He liked to listen to stories, and the stories that his parents and his brothers and sisters told him and read to him were what had kept him alive, he was certain, during those first years. For he made the stories work for him.

He told how he made the characters—Peter Rabbit and the Gingerbread Man and Little Bo Peep and all the rest of them—keep on working overtime after he had heard the stories. He would lie in bed, he said, and relive the stories over and over again.

"But after a while, those stories got pretty threadbare. So I improved on them. I invented stories. I mixed up the characters. For some reason or other Peter Rabbit and the Gingerbread Man always were my heroes. They would go on the strangest odysseys and meet all these other characters, and together they would have adventures that were plain impossible.

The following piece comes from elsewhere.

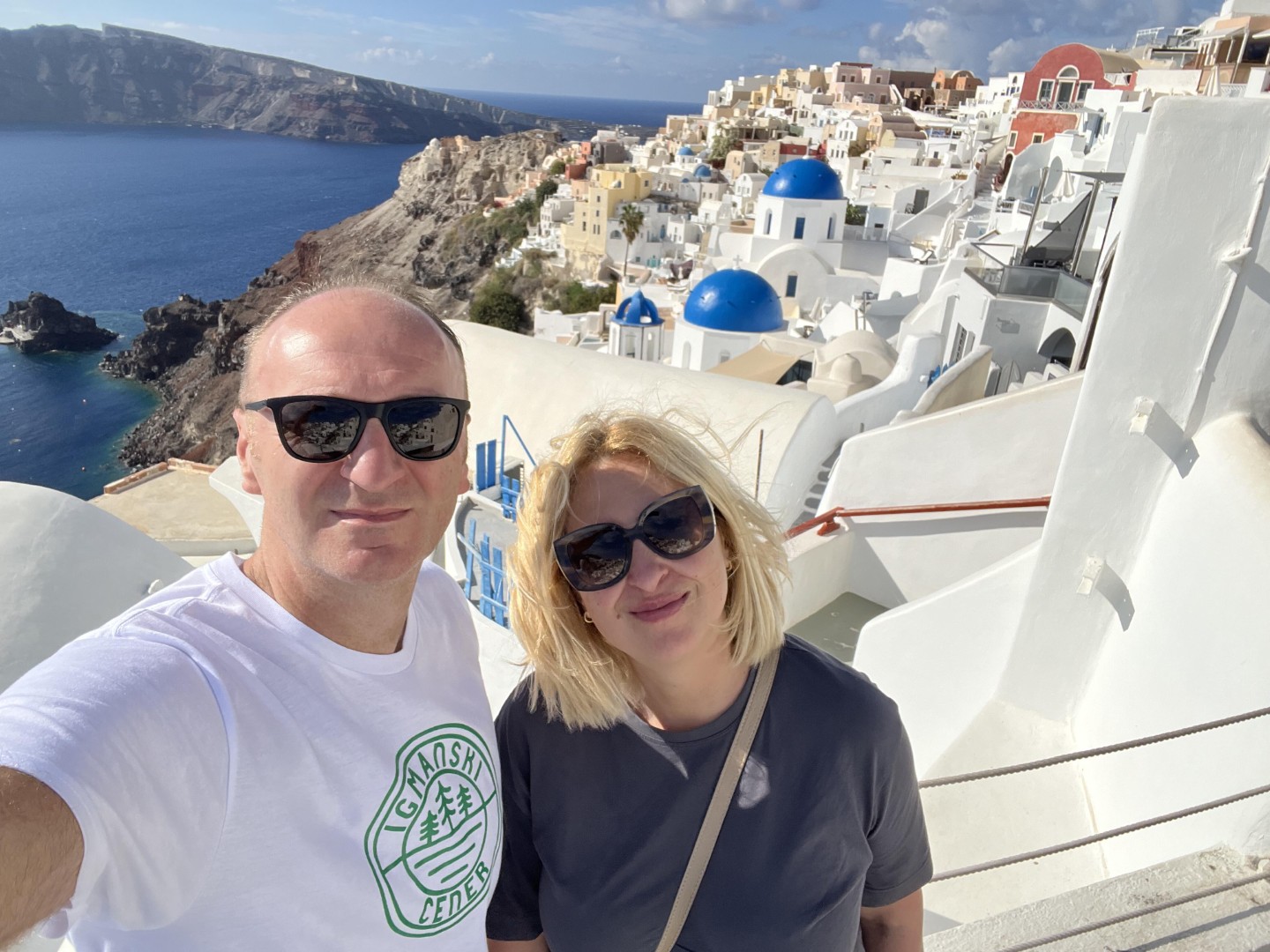 Utorak 11. novembra rano ustajanje i pravac aerodrom. Bez problema pronalazimo parking mjesto i parkiramo auto. Ruksak na leđa, avion i pravac otok. Let je planiran za 6:50 i izuzetno je kratak. Ukupno 35-40 minuta, i tu smo. Plan je bio smjestiti se u gradu Fira, jer se on nalazi u sredini (Caldera) velike depresije koja je nastala kada je vulkan eruptirao. Upravo je kaldera glavna atrakcija, njenim padinama grade se poznati „cave“ apartmani koji su jednostavno napravljeni za čisti hedonizam. Drugi razlog odabira Fire, je javni prijevoz koji preporučujem kao nepovoljniji za obilazak otoka, a koncipiran tako da svi putevi vode u Firu i iz Fire. Pronalazimo smještaj (ASHA luxury suites), ostavljamo stvari i pravac gradić Oia. Englezi bi rekli u „the most breathtaking town“ na otoku.

"Except," he added, "they never seemed impossible to me."

Finally he had got to be the age where kids usually start off to school. Cooper's Ma had begun to worry about what they should do for his education. But Doc Ames, who was fairly sure Cooper wouldn't live long enough for an education to do him any good, had advised that they teach him whatever he might be interested in learning. It turned out that about all Cooper was interested in was reading. So they taught him how to read. Now he didn't have to have anyone read him stories any more, but could read them for himself. He read Tom Sawyer and Huck Finn and Lewis Carroll's works and a lot of other books.

So now he had more characters, and Peter Rabbit had some rather horrible moments reconciling his world with the world of Tweedledum and Tweedledee and the Mock Turtle. But he finally worked in, and the imagined adventuring got crazier and crazier.

"It's a wonder," said Cooper Jackson, "that I didn't die laughing. But to me it wasn't funny. It was dead serious."

"What do you read now, Cooper?" Charley asked.

"Oh, the newspapers," Cooper said, "and the news magazines and stuff like that."

"That's not what I mean," Charley explained. "What do you read for relaxation? What takes the place of Peter Rabbit?"